> [Aim of the exercise]: Nothing but the lines from the one containing "比如,江南大学的Yuan将聚" through the last line of the material should appear in the answer, transcribed exactly, pictures excluded.

> [Given information]:

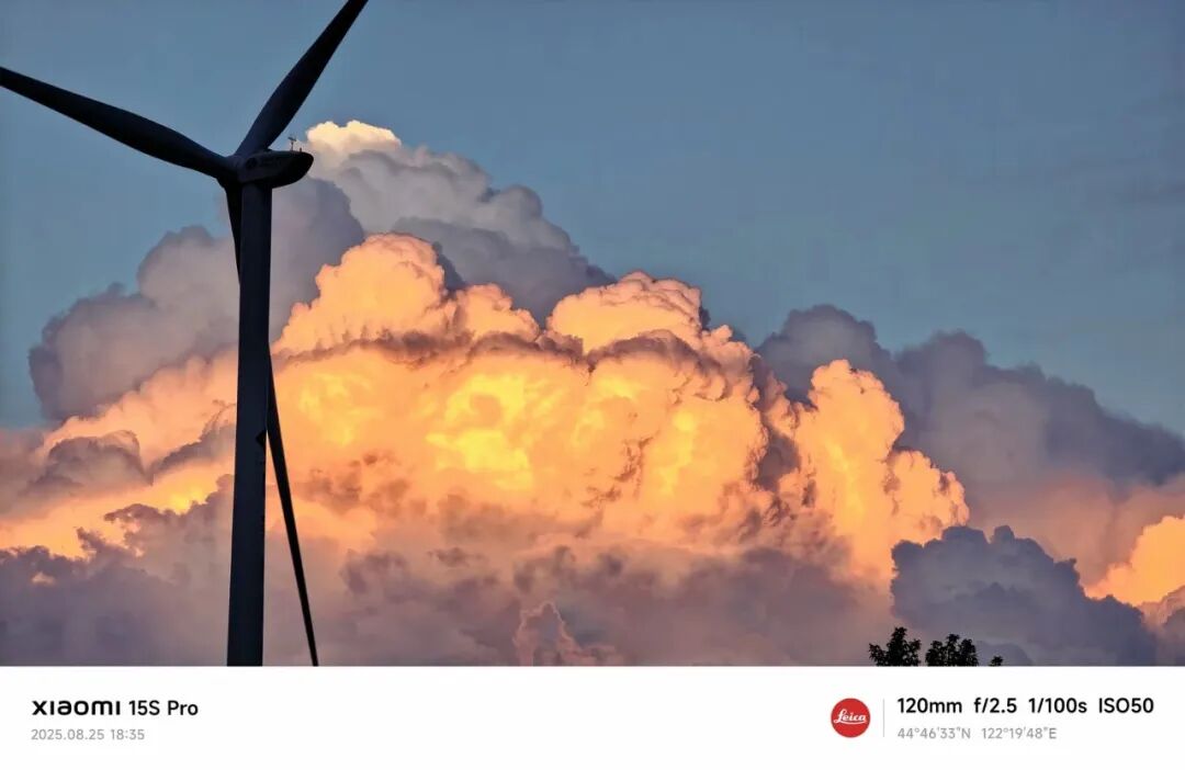 这张照片拍摄于中国吉林省白城市通榆县,时间是 2025 年 8 月 25 日傍晚。画面中,巨大的风力发电机矗立在前景,与背景中被夕阳染成金色的积雨云形成了强烈的视觉对比。
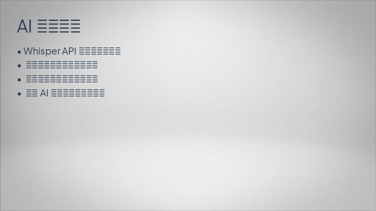The slide "AI Core Technologies" highlights the Whisper API for precise speech recognition. It features intelligent sentence optimization for better fluency, automatic multi-language subtitle translation, and powerful AI for accuracy and efficiency.
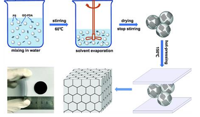 比如,江南大学的Yuan将聚多巴胺涂覆在氧化石墨烯表面,然后与聚苯乙烯微球混合,每个非极性聚苯乙烯微球的表面都能提供π-π键,使分散的氧化石墨烯-聚多巴胺片能够稳定地固定在微球表面,经过热压在聚苯乙烯颗粒之间形成完整均匀的聚多巴胺-氧化石墨烯网络,使得复合膜的导热性能与电磁屏蔽性能有了很大的提高。
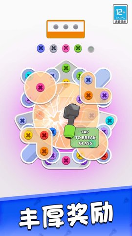 一起钉钉钉是一款极具挑战性和创意的解谜游戏。玩家进入游戏后,将会被各种不同颜色的盒子和钉子所吸引。游戏的玩法非常简单,只需要根据屏幕上方显示的彩色盒子颜色,点击对应颜色的钉子,将它们一个个拆下并收纳进盒子中。

> [Output for this exercise]:
 比如,江南大学的Yuan将聚多巴胺涂覆在氧化石墨烯表面,然后与聚苯乙烯微球混合,每个非极性聚苯乙烯微球的表面都能提供π-π键,使分散的氧化石墨烯-聚多巴胺片能够稳定地固定在微球表面,经过热压在聚苯乙烯颗粒之间形成完整均匀的聚多巴胺-氧化石墨烯网络,使得复合膜的导热性能与电磁屏蔽性能有了很大的提高。
 一起钉钉钉是一款极具挑战性和创意的解谜游戏。玩家进入游戏后,将会被各种不同颜色的盒子和钉子所吸引。游戏的玩法非常简单,只需要根据屏幕上方显示的彩色盒子颜色,点击对应颜色的钉子,将它们一个个拆下并收纳进盒子中。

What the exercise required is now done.